**PROBLEM DETAILS:** Your task is to restate word for word the lines in the material below, from the one with "Изделия из кости" up to and including the one with "Glue the Polished". Do not carry over the pictures.

+ + + + +

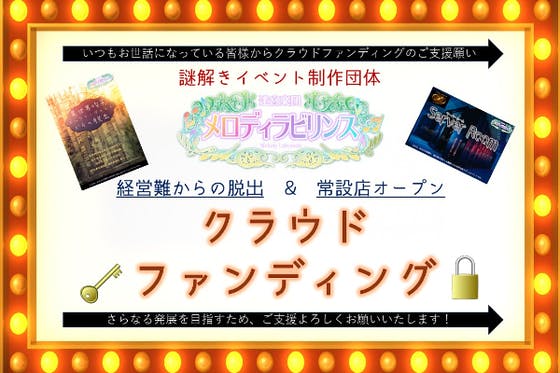 新型コロナウイルスの影響により、大きく経営状況が変化してしまいました。さらなる楽しい体験型ゲームをお届けするため、皆様にお力添えをお願いしたく、このたびクラウド...
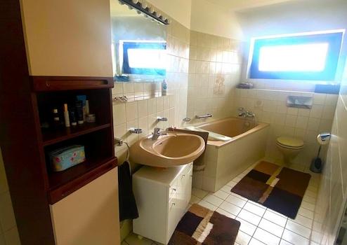 Über das Treppenhaus gelangt man in den 1. Stock. Dort befinden sich das Elternschlafzimmer und zwei weitere Zimmer sowie ein Dusch- und ein Wannenbad. Das Wannenbad ist exklusiv über das Elternschlafzimmer zugänglich. Der Balkon in einem der beiden weiteren Zimmer bietet eine unverbaute Sicht bis nach Rheinbach.
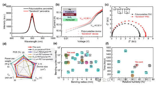 图5 Performance of LWUF PSCs based on polycrystalline and “sandwich” perovskite films. (a) PL spectra of perovskite films. (b) SCLC measurements. (c) Nyquist plots. The insets in (b) and (c) show the electron-only device's architecture and equivalent circuit model, respectively. (d) Comparison of the performance of the LWUF PSC in this work with that of FPSCs reported so far. (e) Mechanical stability of the FPSCs reported so far. (f) Environmental stability of the FPSCs reported so far. Light blue, magenta, gray, and saffron yellow bubbles in (e) and (f) represent ITO electrodes, Ag nanowire electrodes, carbon nanofilm electrodes, and composite electrode-based FPSCs in that order, and the percentages on the bubbles represent the retention rate of PCE after bending or aging.
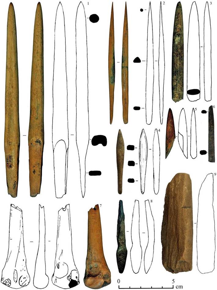 Изделия из кости немногочисленны, представлены наконечниками и остриями, их обломками (рис. 2: 1–3, 5), кочедыком (рис. 2: 7), возможно жерлицей (рис. 2: 4) остальные обработанные находки из кости представлены в обломках, и об их первоначальных размерах и функциях судить трудно (рис. 2: 6, 8). Имеется обломок изделия из рога (рис. 2: 9). Привлекают к себе внимание фрагменты панцирей черепах с нанесенными горизонтальными и вертикальными насечками на внутренней стороне, вероятно, возникшими при разделке.
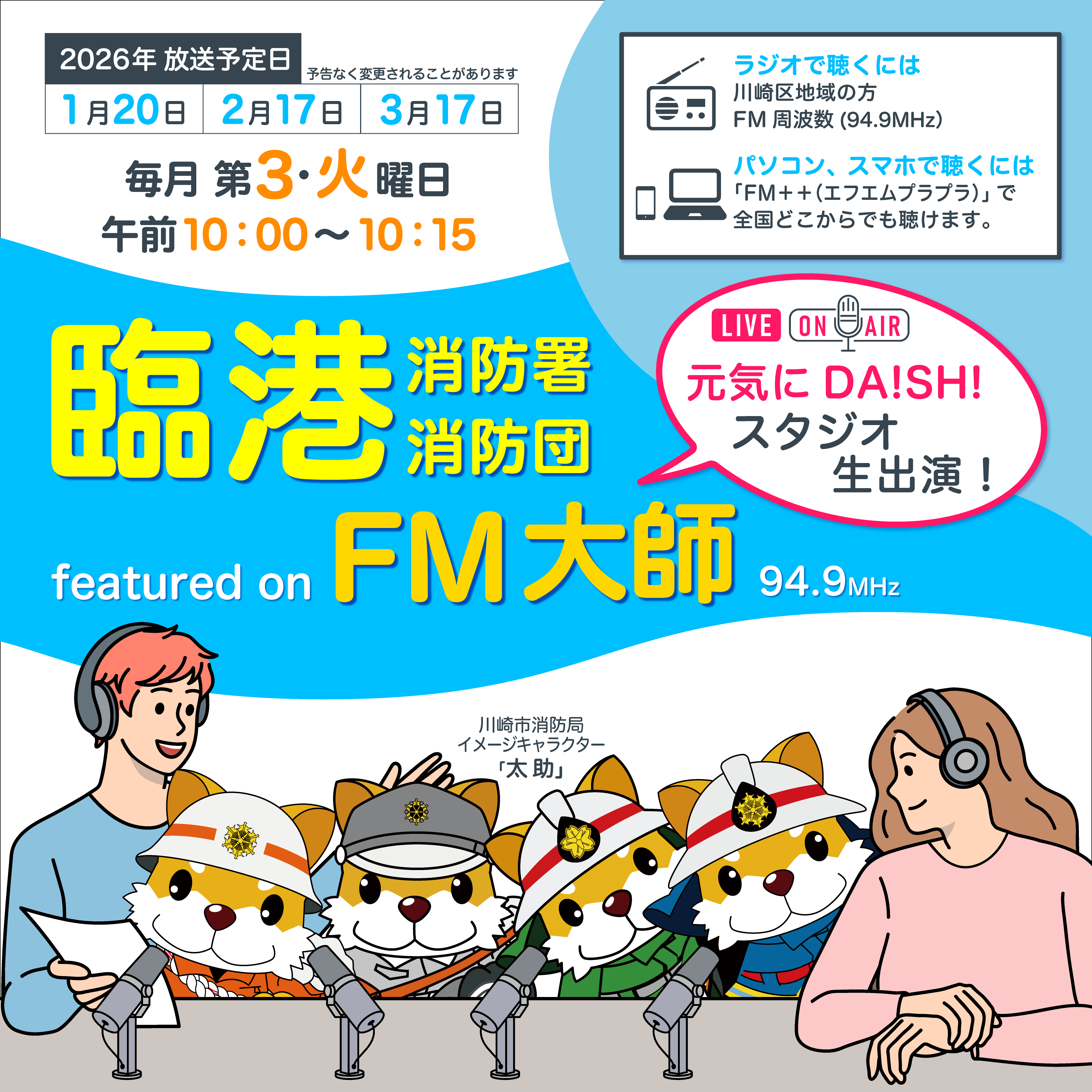 臨港消防署の職員・臨港消防団の団員が、コミュニティーラジオFM大師の『元気にDA!SH!』に生出演し、さまざまな情報をお届けします。
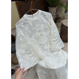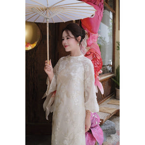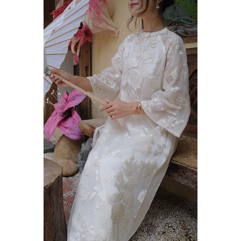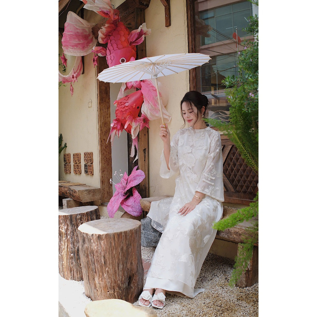 [PRE-ORDER] 4-panel Ao Dai with embroidered flowers by Diec Phi LINN Design
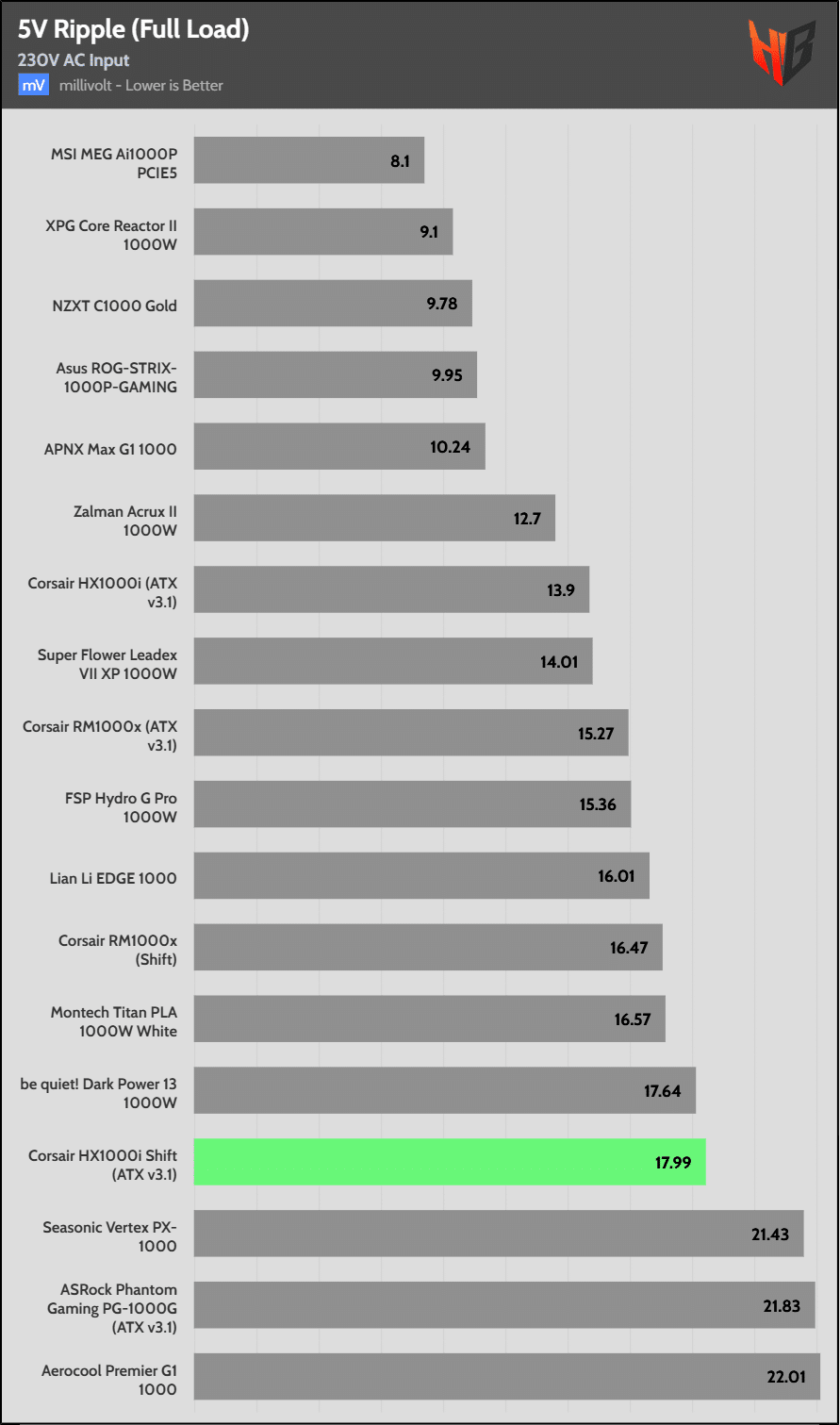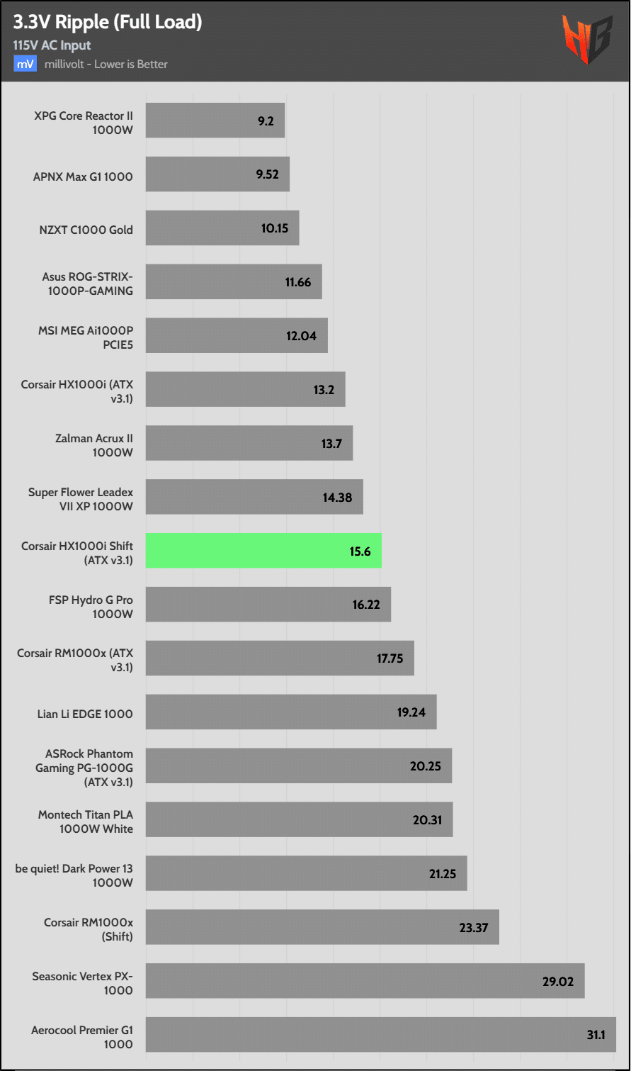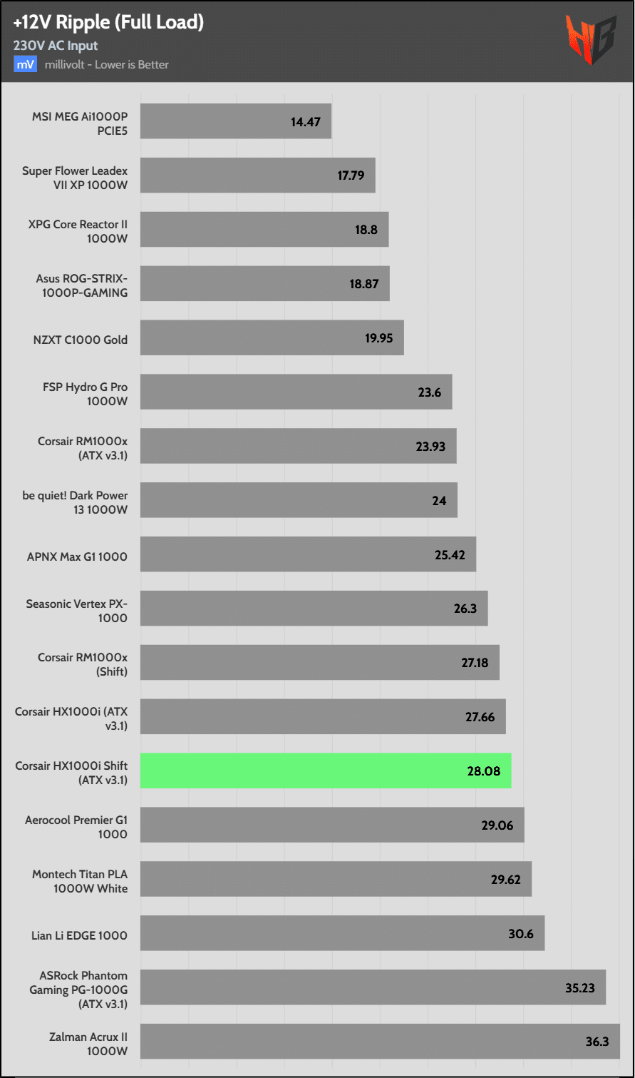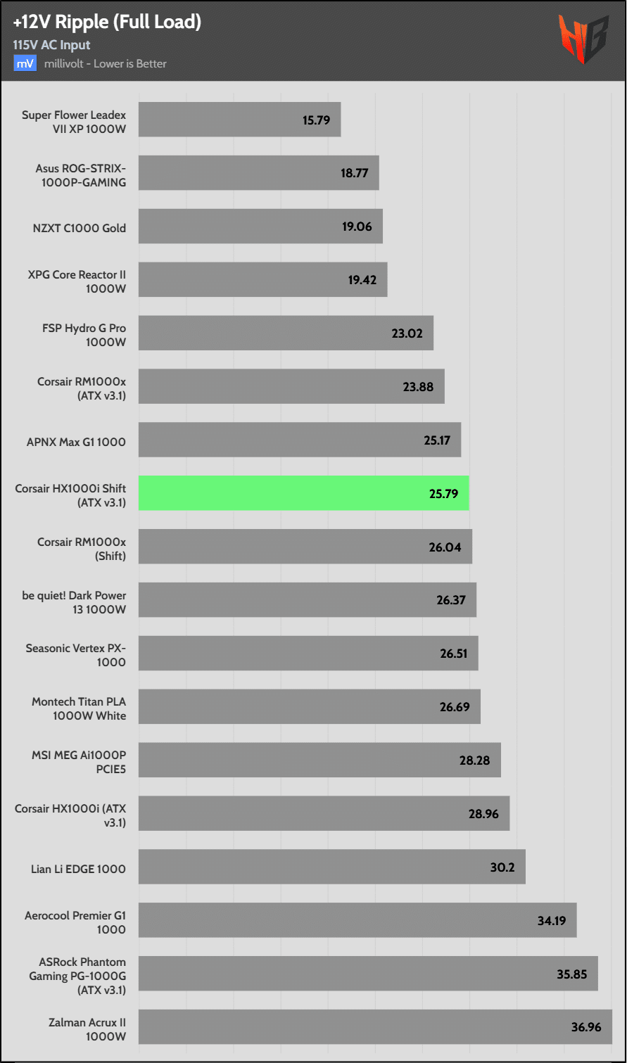 Load regulation is within 1% on all primary rails. I would like to see a tighter load regulation at 12V, given the digital control.
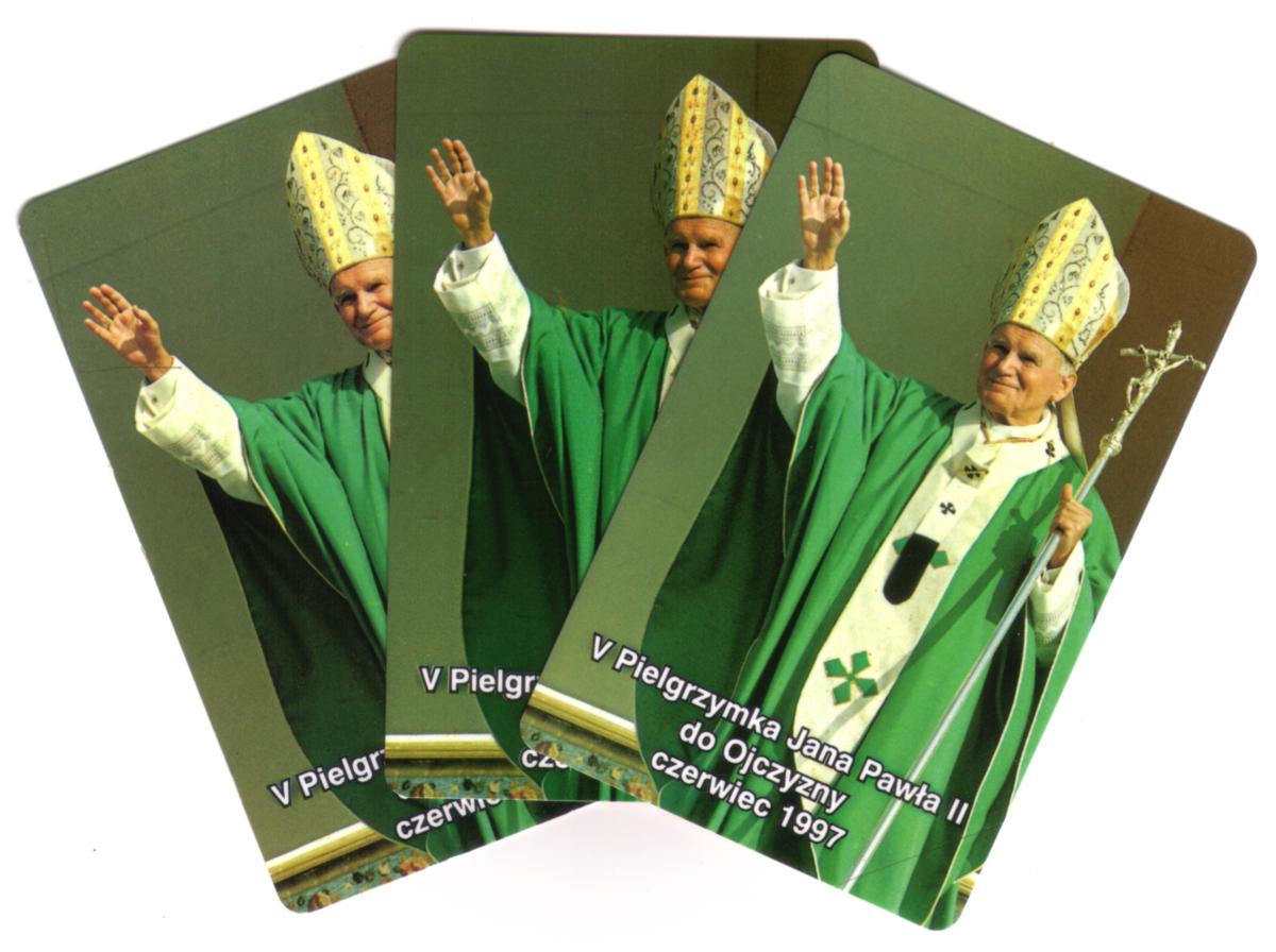 The design centers on the Pope as a religious and spiritual figure, capturing his role and presence during the 1997 pilgrimage. The cards are a tribute to Pope John Paul II’s legacy and are collectible items linked to Polish Catholic history.
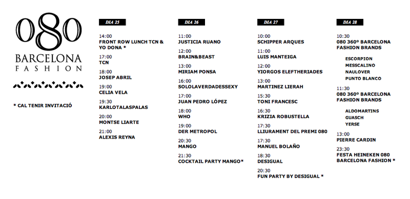 El 080 Barcelona Fashion se celebra del miércoles 25, al sábado 28. Y en esta edición, la organización ha elegido el "Palau del Rey" del barrio gótico, como epicentro de la feria. Un conjunto arquitectónico majestuoso, que acogerá las nuevas tendencias de grandes diseñadores y marcas, haciéndonos vivir la moda en su plenitud. TCN, Josep Abril, Mango, Miriam Ponsa, Desigual, Messcalino...
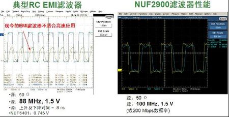 圖4:典型RC EMI濾波器與高速LC EMI濾波器(NUF2900)的響應性能比較。
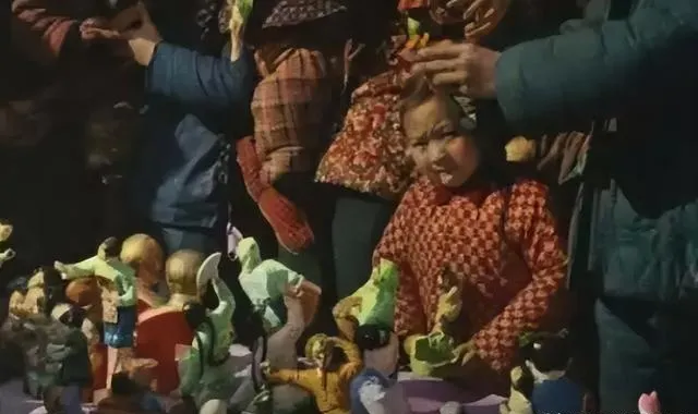 这堆五颜六色的是面人,捏的小猴子小戏子一个赛一个精致,小姑娘眯着眼挑挑拣拣,爸妈在后面嘀咕,买小的别买大的,回家别弄坏了,摊主指尖一转,面条就抽成了丝,真是巧手。
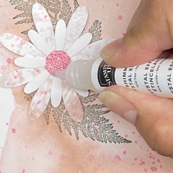 Glue the Polished Pink center to the center of the daisy and add some Shimmery Crystal Effects to add texture to it. Let dry.
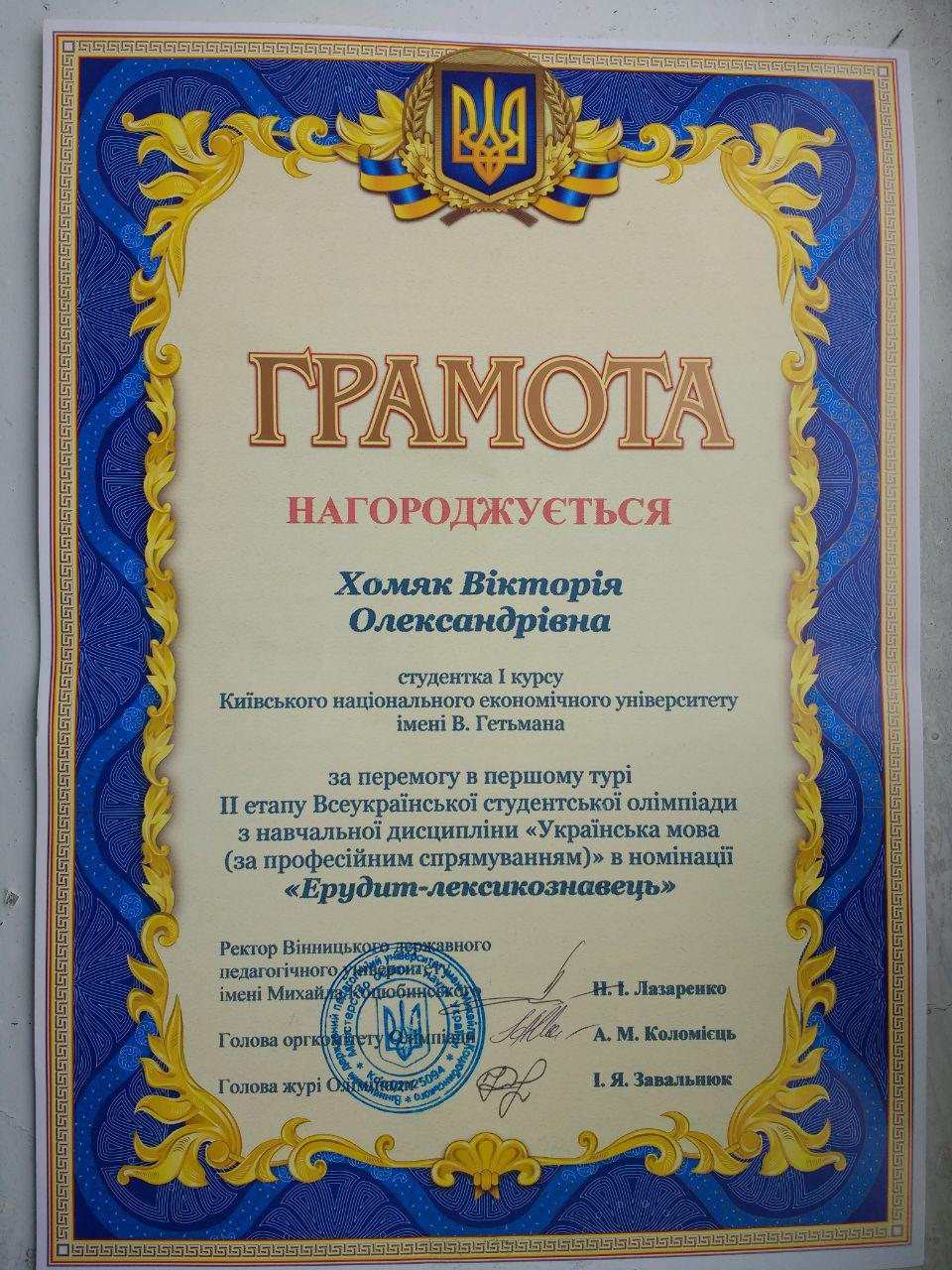 Радо вітаємо також ще одного представника студентства КНЕУ з перемогою в І турі ІІ етапу Всеукраїнської студентської олімпіади ("Українська мова (за професійним спрямуванням)" в номінації "Ерудит-лексикознавець") - Хомяк Вікторію Олександрівну (1 курс МЕіМ, 5 гр.,спеціальність "Міжнародна економіка"). Бажаємо подальших наукових звершень!
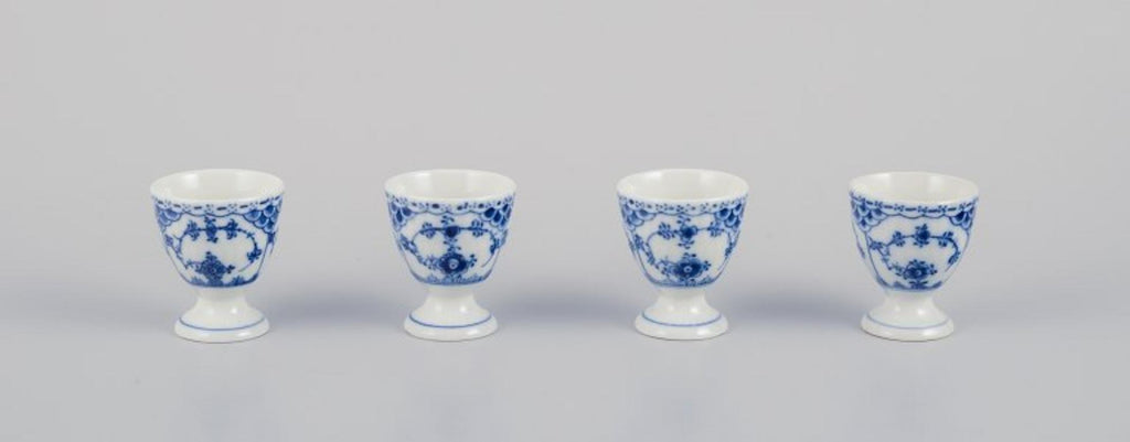 Royal Copenhagen Blue Fluted Half Lace, four pairs of coffee cups with saucers. 1960s/1970s.
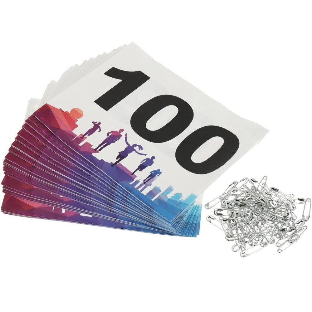 The race bibs are numbered from 1 to 100. Each tear-proof bib comes with a silver paper clip, allowing you to attach it securely to your clothing without the need for any additional accessories.

+ + + + +

**ANSWER TO THE EXERCISE:**
 Изделия из кости немногочисленны, представлены наконечниками и остриями, их обломками (рис. 2: 1–3, 5), кочедыком (рис. 2: 7), возможно жерлицей (рис. 2: 4) остальные обработанные находки из кости представлены в обломках, и об их первоначальных размерах и функциях судить трудно (рис. 2: 6, 8). Имеется обломок изделия из рога (рис. 2: 9). Привлекают к себе внимание фрагменты панцирей черепах с нанесенными горизонтальными и вертикальными насечками на внутренней стороне, вероятно, возникшими при разделке.
 臨港消防署の職員・臨港消防団の団員が、コミュニティーラジオFM大師の『元気にDA!SH!』に生出演し、さまざまな情報をお届けします。
 [PRE-ORDER] 4-panel Ao Dai with embroidered flowers by Diec Phi LINN Design
 Load regulation is within 1% on all primary rails. I would like to see a tighter load regulation at 12V, given the digital control.
 The design centers on the Pope as a religious and spiritual figure, capturing his role and presence during the 1997 pilgrimage. The cards are a tribute to Pope John Paul II’s legacy and are collectible items linked to Polish Catholic history.
 El 080 Barcelona Fashion se celebra del miércoles 25, al sábado 28. Y en esta edición, la organización ha elegido el "Palau del Rey" del barrio gótico, como epicentro de la feria. Un conjunto arquitectónico majestuoso, que acogerá las nuevas tendencias de grandes diseñadores y marcas, haciéndonos vivir la moda en su plenitud. TCN, Josep Abril, Mango, Miriam Ponsa, Desigual, Messcalino...
 圖4:典型RC EMI濾波器與高速LC EMI濾波器(NUF2900)的響應性能比較。
 这堆五颜六色的是面人,捏的小猴子小戏子一个赛一个精致,小姑娘眯着眼挑挑拣拣,爸妈在后面嘀咕,买小的别买大的,回家别弄坏了,摊主指尖一转,面条就抽成了丝,真是巧手。
 Glue the Polished Pink center to the center of the daisy and add some Shimmery Crystal Effects to add texture to it. Let dry.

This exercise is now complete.